After South Africa, the Russian Central Depository Partners China over Blockchain

October 25, 2016 20:06 UTC

A memorandum of understanding signed today sees Russia’s National Settlement Depository (NSD) and the China Securities Depository and Clearing Corporation Limited (CDSC) – both their respective countries’ central securities depositories – partner to develop blockchain applications in the post-trade space.

The partnership was announced today by the NSD, which has also engaged in a similar endeavor to develop blockchain solutions with the central securities depository of South Africa, in September this year.
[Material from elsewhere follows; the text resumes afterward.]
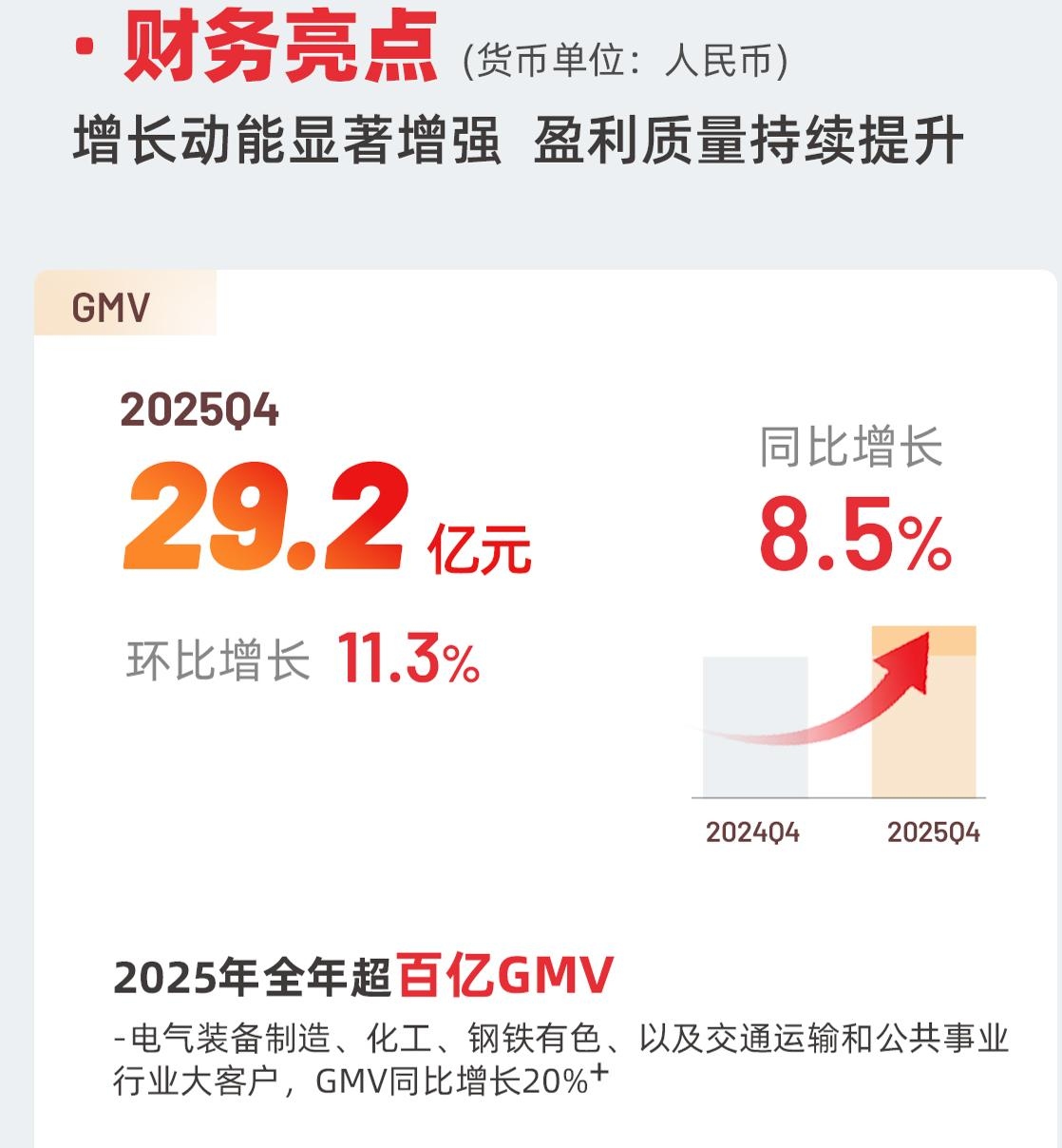 震坤行2025年第四季度GMV为29.2亿元,同比增长8.5%,环比增长约11%。公司表示,随着订单与发货趋势持续改善,预计2026年第一季度GMV同比增速将进一步提升至双位数。

At the time, chairman of the NSD executive board Eddie Astanin was bullish on seeing the post-trade industry as the first avenue for blockchain-based disruption. While cryptocurrency enthusiasts will rightly point to blockchain’s proven use-cases with the likes of bitcoin, Astanin stated:

I think that post-trading may become the starting point of transition of the distributed ledger technology and blockchain from theory to practice.
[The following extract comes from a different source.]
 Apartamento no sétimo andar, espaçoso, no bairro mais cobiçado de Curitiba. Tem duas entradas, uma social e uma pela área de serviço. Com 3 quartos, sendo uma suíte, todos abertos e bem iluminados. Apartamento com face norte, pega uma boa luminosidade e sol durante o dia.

The new collaboration has seen the two CSDs agree “to exchange experience and information” broadly while cooperating in settlement operations, information services and other facets of the post-trade industry.

Astanin underlined the importance of Asian markets for Russia’s integration of its post-trade infrastructure in the global financial ecosystem. He further revealed that the Bank of Russia and the People’s Bank of China – the countries’ central banks – will also facilitate users from the countries to gain “mutual access” to each other’s markets.

Astanin added:

Cooperation in the Fintech sphere will become an important element in our cooperation with CSDC. In particular, we agreed to coordinate our effort aimed at researching the opportunities for using the blockchain technology in the post trade sector.

Earlier this year, the NDS began testing blockchain solutions for a corporate e-proxy voting system, based on the NXT platform. A working prototype was developed before testing commenced over a four-month period which saw submission speeds of 80 voting instructions per second.

Similar efforts to leverage blockchain technology for e-voting applications have borne fruit. The most recent example is that of the Abu Dhabi Securities Exchange, which announced that it had already employed a blockchain-based platform wherein shareholders will be able to register votes relevant for annual general meetings by simply using a smartphone.